Wpływy z opłaty paliwowej w 80 proc. zasilają Krajowy Fundusz Drogowy, a w 20 proc. Fundusz Kolejowy.

Podniesienie opłaty paliwowej spowoduje wzrost cen paliw i przyczyni się do inflacji – ocenili posłowie KO Mariusz Witczak i Dariusz Joński. Resort infrastruktury zapewnia, że nie będzie to miało wpływu na ceny paliw, ponieważ dokładnie o taka samą wartość, maleje akcyza na paliwa.

"Przez ostatnie cztery lata PiS podniósł różnego rodzaju podatki i opłaty na rzecz budżetu państwa 40 razy. Te podatki i opłaty bezpośrednio wpływają na drenowanie kieszeni obywateli. Szalejąca drożyzna w Polsce jest wynikiem złej polityki rządu PiS" – powiedział Witczak.

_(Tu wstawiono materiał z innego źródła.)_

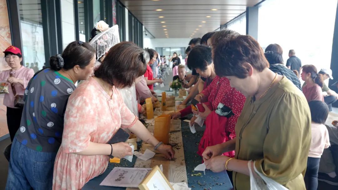 制作香囊 浦城美術館(范迪安美術館)門前人頭攢動。“浦城丹桂花茶展”茶香四溢,茶師們娓娓道來浦城茶文化的深厚底蘊。圍坐品鑒時,琥珀色的茶湯入口回甘,游客們在茶香氤氳中暢談交流,共享閑適時光。美術館外的空地上,套圈游戲引得陣陣歡呼。套圈拋出的弧線與歡笑聲交織成歡樂的海洋。在香囊制作區,工作人員指導游客將浦城茶葉、香料等精心縫制進香包……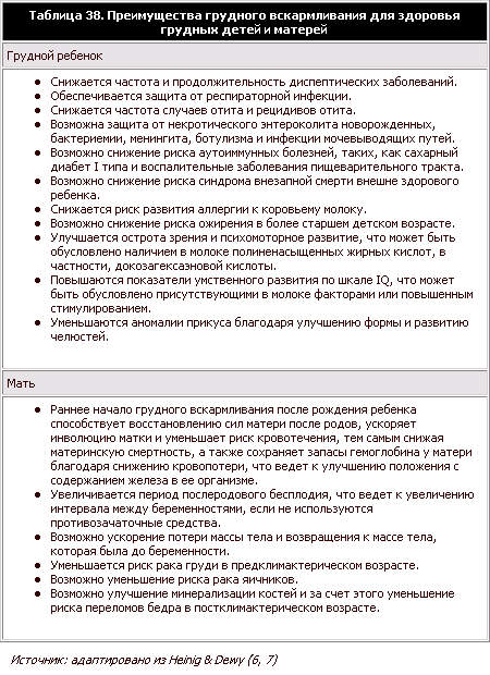 Помимо выгод пищевого характера, грудное молоко также дает грудным детям целый ряд преимуществ, не связанных с питанием (таблица 38). К ним относятся защита от различных острых и хронических инфекций и улучшение показателей физиологического и психического развития. Оценка этих положительных эффектов содержится в нескольких обзорных исследованиях (5, 6, 8), самые важные из которых резюмируются ниже. Инфекции

Według niego opłata paliwowa, która ma zostać podniesiona drugi raz w tym roku, przyczyni się o inflacji.

Według Jońskiego "komunikat Ministerstwa Infrastruktury, że nie będzie podwyżek na stacjach paliw, to efekt paniki". "Już nikt nie wierzy w żadne zaklęcia PiS. Minister (Jacek) Sasin nie tak dawno obiecywał, że ceny prądu nie wzrosną (..) okazało się, że dla wszystkich wzrosły; tak samo będzie z paliwem" – dodał.

Zmiana wysokości stawek opłaty paliwowej w żaden sposób nie wpłynie na cenę paliw na stacjach - podkreślił w czwartek rzecznik resortu infrastruktury Szymon Huptyś. Dodał, że dzięki zwiększeniu tych opłat więcej środków trafi na budowę dróg. "Chcemy wyraźnie podkreślić, że zmiana wysokości stawek opłaty paliwowej w żaden sposób nie wpływa na cenę paliw na stacjach, ponieważ dokładnie o taka samą wartość, maleje akcyza na paliwa" - powiedział rzecznik na konferencji prasowej.

Potwierdzamy, od marca akcyza na paliwa będzie obniżona - przekazał w czwartek rzecznik resortu finansów Paweł Jurek. Podwyżka opłaty i obniżka akcyzy będą zatem neutralne dla kierowców - podkreślają oba ministerstwa.